▶ **Excerpts from a dataset**:
____________________
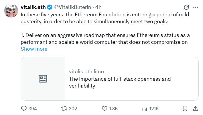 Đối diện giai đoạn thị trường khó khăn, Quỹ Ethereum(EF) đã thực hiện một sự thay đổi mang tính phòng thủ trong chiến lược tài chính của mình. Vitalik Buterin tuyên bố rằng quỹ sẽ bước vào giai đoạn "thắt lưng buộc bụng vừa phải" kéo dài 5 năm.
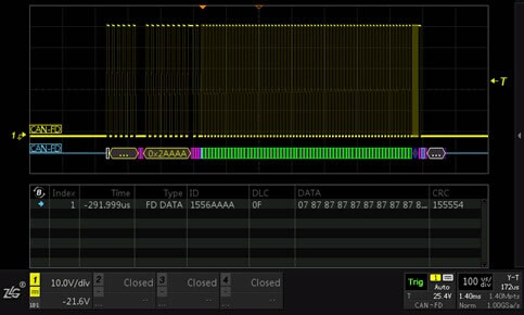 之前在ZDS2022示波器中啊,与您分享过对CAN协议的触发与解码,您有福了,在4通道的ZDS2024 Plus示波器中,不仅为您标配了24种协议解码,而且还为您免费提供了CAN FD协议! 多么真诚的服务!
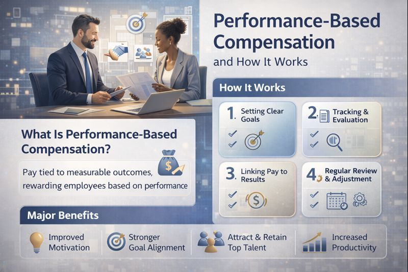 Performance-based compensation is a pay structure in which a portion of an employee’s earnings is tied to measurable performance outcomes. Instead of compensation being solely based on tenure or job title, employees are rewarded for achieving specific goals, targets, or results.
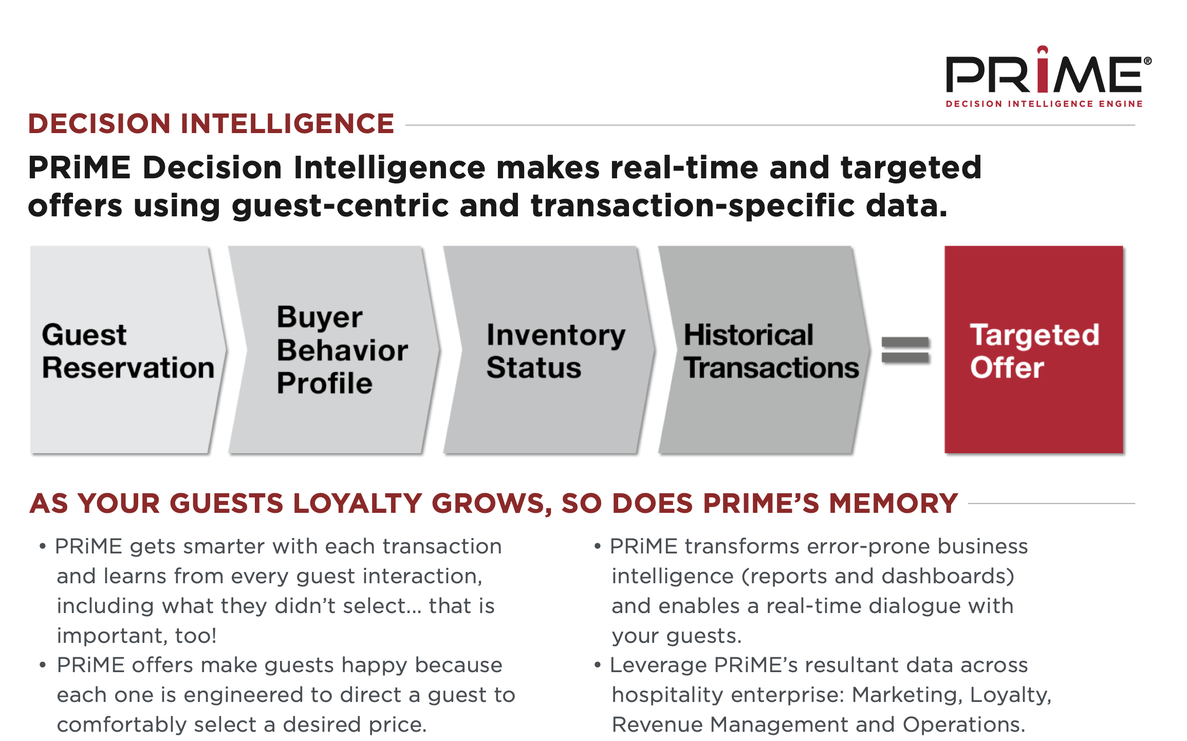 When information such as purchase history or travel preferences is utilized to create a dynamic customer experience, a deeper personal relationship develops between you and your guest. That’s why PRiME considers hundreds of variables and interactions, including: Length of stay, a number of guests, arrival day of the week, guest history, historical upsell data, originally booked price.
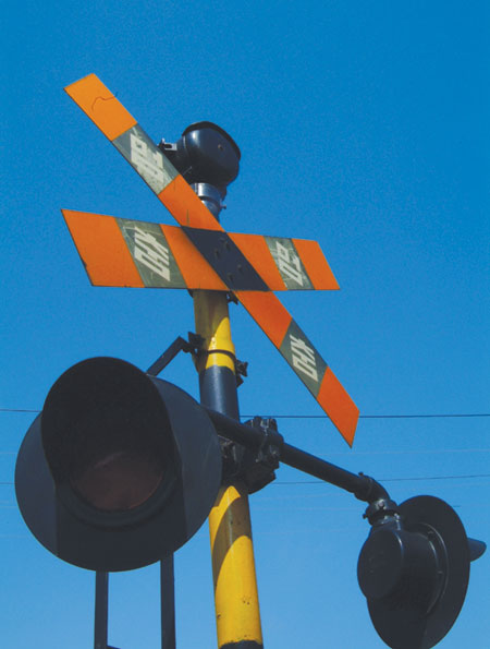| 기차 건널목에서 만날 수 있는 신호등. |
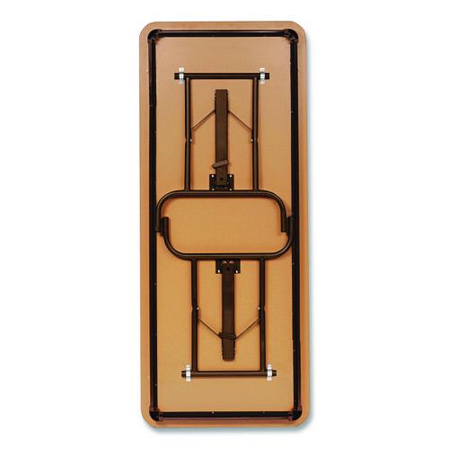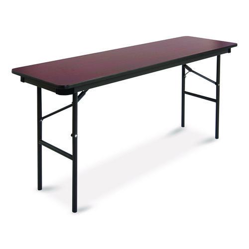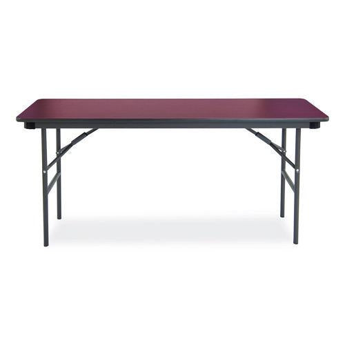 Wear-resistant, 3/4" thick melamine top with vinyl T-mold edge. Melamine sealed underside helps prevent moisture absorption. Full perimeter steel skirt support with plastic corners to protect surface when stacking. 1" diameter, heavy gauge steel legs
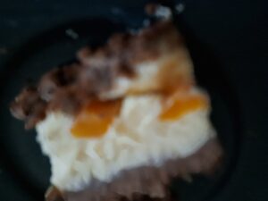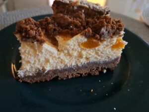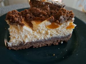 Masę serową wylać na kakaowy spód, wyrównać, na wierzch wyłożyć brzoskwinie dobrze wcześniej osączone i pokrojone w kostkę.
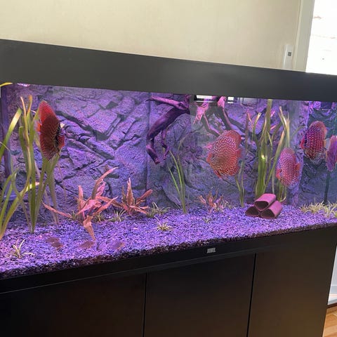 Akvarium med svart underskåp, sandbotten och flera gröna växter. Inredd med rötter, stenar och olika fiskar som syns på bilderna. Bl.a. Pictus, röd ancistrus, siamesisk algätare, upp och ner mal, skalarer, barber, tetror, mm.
____________________
▶ **TASK DIRECTIONS**: When you reach the line containing "Performance-based compensation is" in the entries above, begin restating word for word, and stop once the line containing "수 있는 신호등. |" has been given. Omit the pictures.

▶ **RESPONSE AREA**:
 Performance-based compensation is a pay structure in which a portion of an employee’s earnings is tied to measurable performance outcomes. Instead of compensation being solely based on tenure or job title, employees are rewarded for achieving specific goals, targets, or results.
 When information such as purchase history or travel preferences is utilized to create a dynamic customer experience, a deeper personal relationship develops between you and your guest. That’s why PRiME considers hundreds of variables and interactions, including: Length of stay, a number of guests, arrival day of the week, guest history, historical upsell data, originally booked price.
| 기차 건널목에서 만날 수 있는 신호등. |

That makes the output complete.